# Data Formats

## Downloading Data

The built-in Python *urllib.request* module has functions which help in downloading content from HTTP URLs using minimal code.

In [5]:
import urllib.request
import urllib.error

url = "http://mlg.ucd.ie/modules/python/ucd.txt"
# open the url and read the response
response = urllib.request.urlopen(url)
# decode the response content from bytes to a utf-8 string
text = response.read().decode("utf-8")
print(text)

History of UCD

Originally known as the Catholic University of Ireland and subsequently as the Royal University, the university became UCD in 1908 and a constituent college of the National University of Ireland (NUI). 

In 1997, UCD became an autonomous university within the loose federal structure of the NUI and UCD students are awarded degrees of the National University of Ireland.

UCD has been a major contributor to the making of modern Ireland.
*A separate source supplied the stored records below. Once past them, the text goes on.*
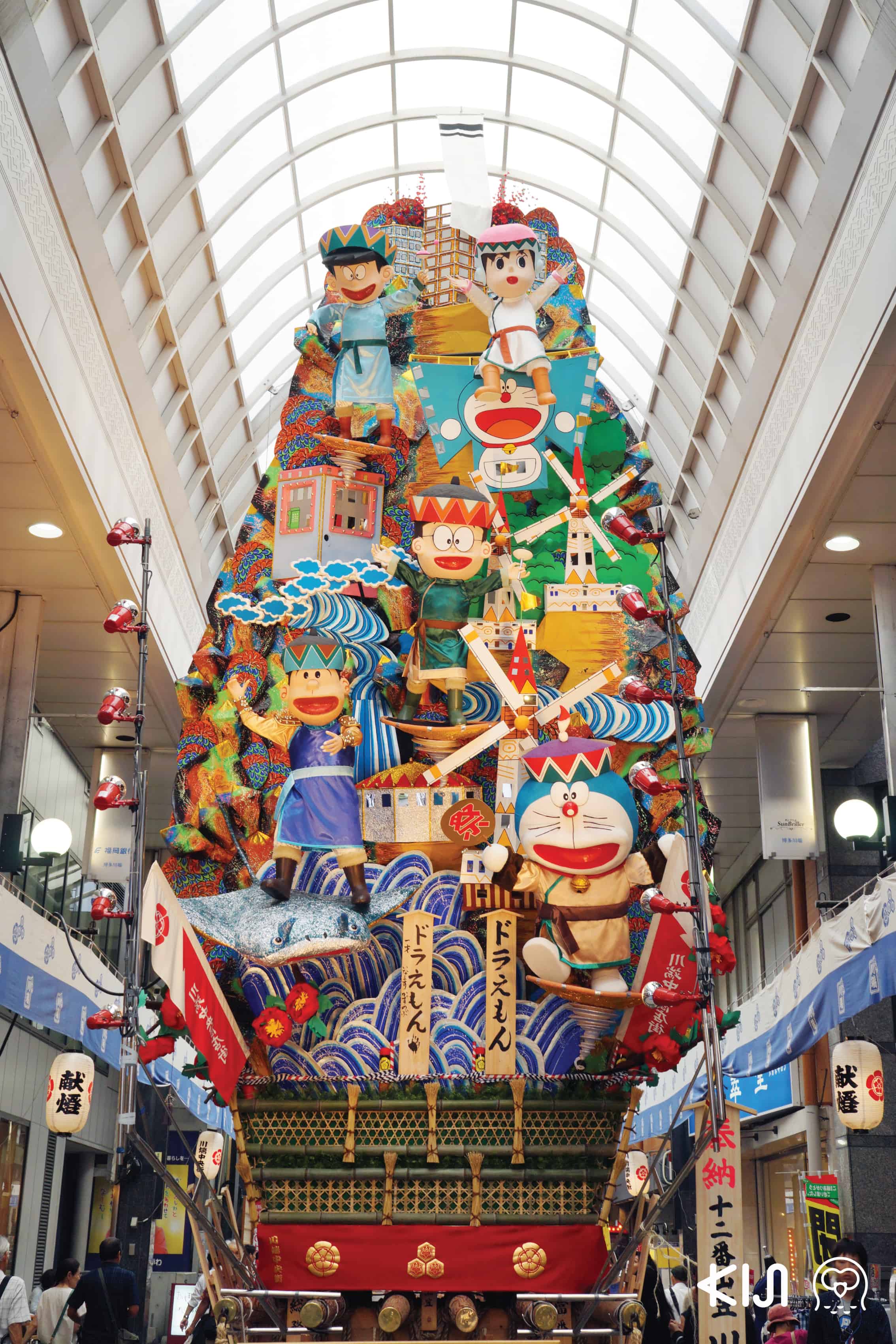 นอกจากการแข่งขันกัน เทศกาลนี้ยังมีความน่าสนใจอยู่ที่เรื่องการออกแบบแท่นแห่ประเภทสวยงามคือรู้สึกตื่นตาตื่นใจมาก เพราะขนาดของแท่นแห่นั้นทั้งใหญ่แล้วก็สูง การออกแบบชิ้นงานที่มีน้ำหนักเป็นตันๆ และมีส่วนสูงเป็น 10 เมตร ไม่ใช่เรื่องเล็กๆ เลยนะ (แต่ถ้าเป็นแท่นสำหรับแข่งจะเตี้ยกว่าพอสมควร) สิ่งที่ชอบมากก็คือแท่นแห่ที่จัดแสดงไว้ตามตัวเมือง บางจุดจะถูกประดับด้วยตัวการ์ตูน ซึ่งการได้เห็นโดราเอมอนโนบิตะ ชิสุกะ ขึ้นไปโลดแล่นอยู่บนแท่นแห่ที่มีประวัติศาสตร์ตั้งต้นเมื่อ 700 กว่าปีที่แล้วอย่างลงตัว เป็นเรื่องน่าดีใจ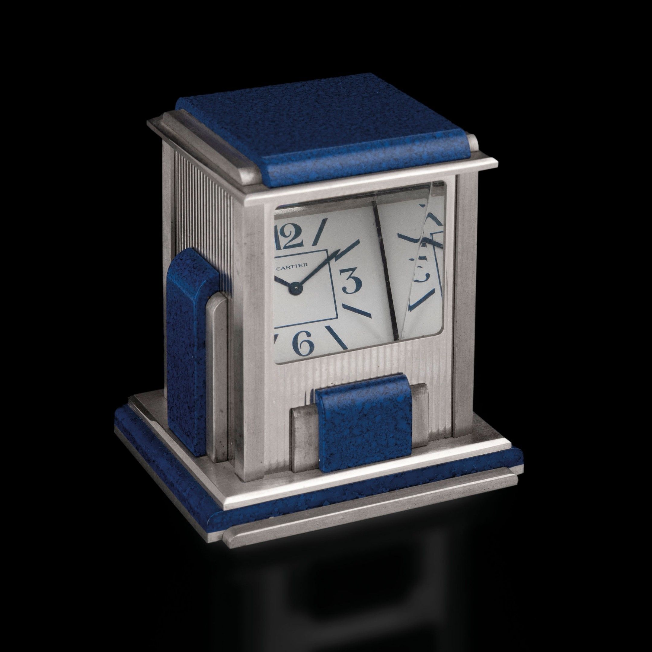 This mystery clock by Cartier, known as the 'prism' clock, is a work of exceptional engineering and fine art. Made in an elegant Art Deco style with lapis lazuli plaques, this prism clock features prisms and quartz crystal mirrors that allow the dial, which is hidden in the base, to become visible through the transparent window, but only from a certain angle. This ingenious design was first developed and patented in 1937 by Gaston Cusin, who was inspired by a periscope. Cartier has produced several prism watch models, many of them made from fine materials and elegant designs like this one.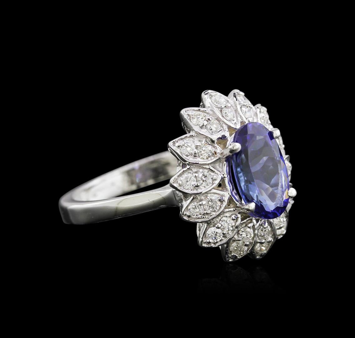 One electronically tested 14KT white gold lady's cast flower design ring with a basket setting with a bright polish finish. The featured lady's ring has a shank measuring 2.66 millimeters in width. Identified with markings of "14K". Condition is new, good workmanship. Containing: One prong set oval modified brilliant cut natural tanzanite, measuring 10.01 x 6.71 x 4.17mm, approximate weight of 1.91ct., clarity is eye clean, type I, dark, very slightly grayish, violetish blue color, (GIA vB 7/3), cut is good. Transmitting light with no distortion, transparent. Colored gemstones are presumed to have been subjected to commonly used enhancement processes. Graded in the setting. Twenty-Eight prong set round brilliant cut diamonds, measuring 1.70 - 1.60 x 0.99mm (depth est.) approximate total weight of 28 Stones = 0.46ct. Graded in the setting. Clarity: SI-2 to I-1. Color: H - I. Cut Good. Total Weight of Colored Stones 1.91ct. Total Weight of Diamonds 0.46ct. Total Weight of Ring 5.30gm. GAS Appraised at $4,905.00.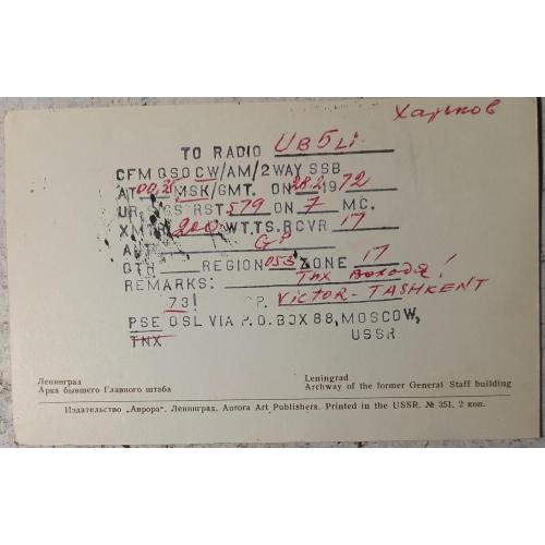 1961-1980Черно-белая открытка. Изд-во «Аврора», Ленинград. Заполнена, как QSL-карточка. Без дефектов. Состояние отличное.

Many UCD students and staff participated in the struggle for Irish independence and the university has produced numerous Irish Presidents and Taoisigh (Prime Ministers) in addition to generations of Irish business, professional, cultural and sporting leaders. 
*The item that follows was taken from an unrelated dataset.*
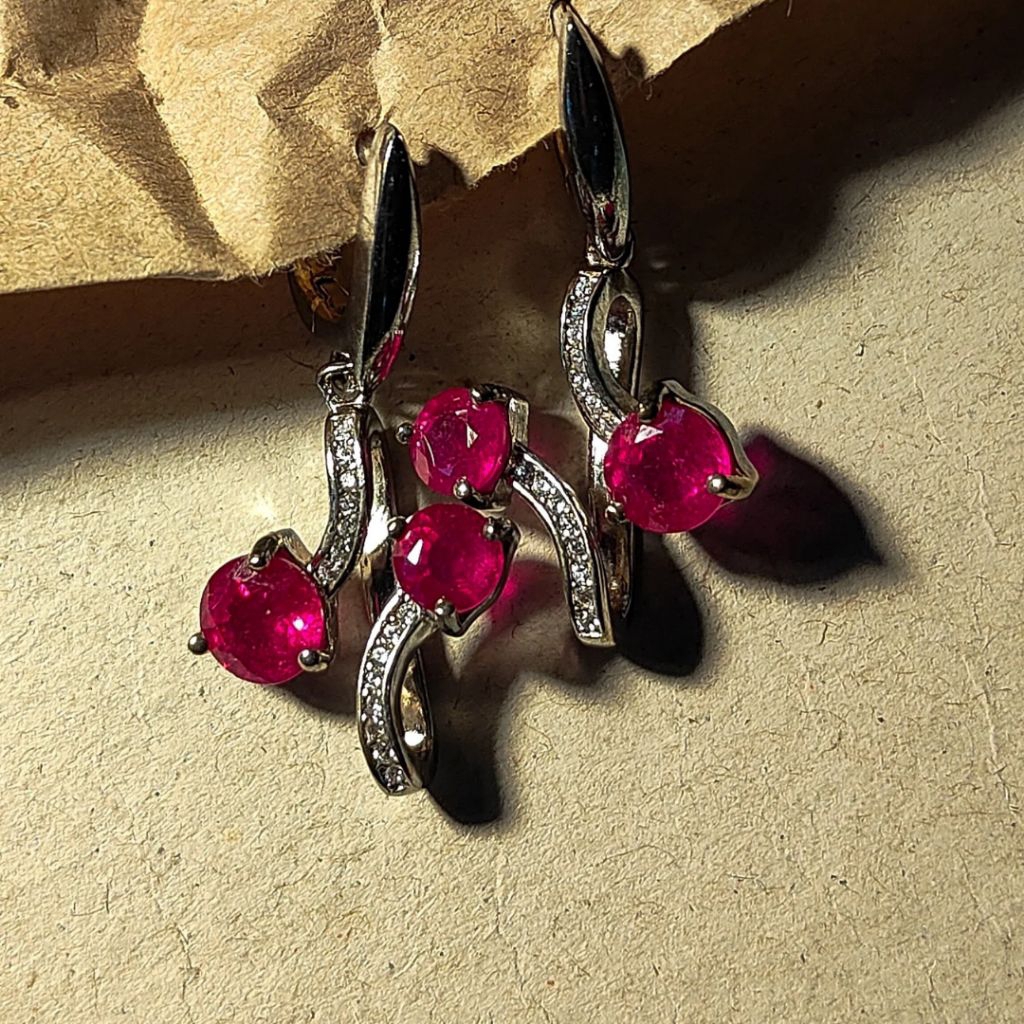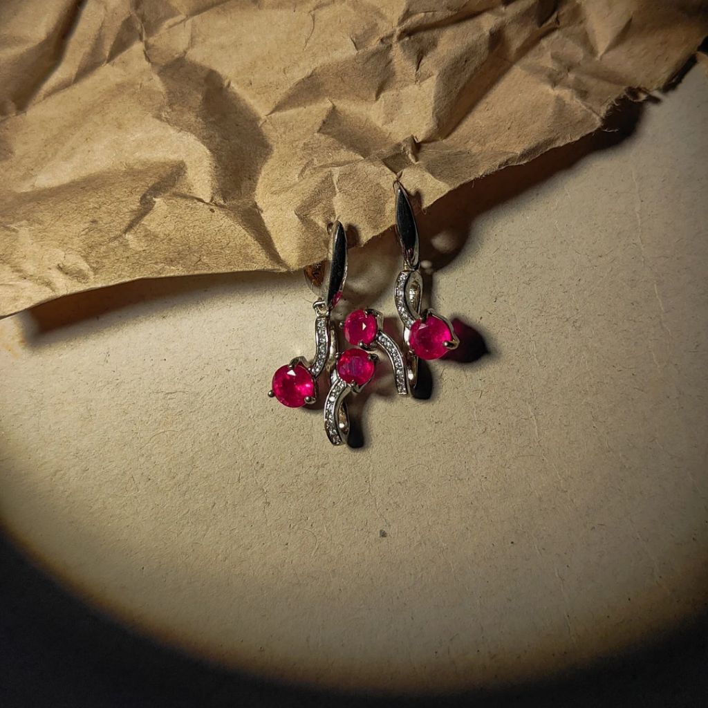 🌹ต่างหูเงินประดับทับทิม CZ ดีไซน์หรู อัญมณีแห่งพลังอำนาจ เสริมเสน่ห์ ความกล้าหาญ ความสำเร็จ โชคลาภ

Among UCD's well-known graduates are authors (Maeve Binchy, Roddy Doyle, Flann O'Brien), actors (Gabriel Byrne, Brendan Gleeson), directors (Neil Jordan, Jim Sheridan) and sports stars such as Irish rugby captain Brian O'Driscoll and former Manchester United and Ireland captain Kevin

In practice, we should always wrap code to fetch URLs in proper error handling blocks to handle the various cases where we cannot access the URL. This includes network issues, server errors, and malformed responses.

In [2]:
# specify a URL that does not exist
url = "http://somemissinglink.ucd.ie/ucd.txt"

try:
    # attempt to retrieve the URL
    response = urllib.request.urlopen(url)
    text = response.read().decode("utf-8")
    print(text)
except urllib.error.HTTPError as e:
    print(f"HTTP Error {e.code}: Failed to retrieve {url}")
except urllib.error.URLError as e:
    print(f"Network Error: Failed to retrieve {url} - {e.reason}")
except Exception as e:
    print(f"Unexpected error retrieving {url}: {e}")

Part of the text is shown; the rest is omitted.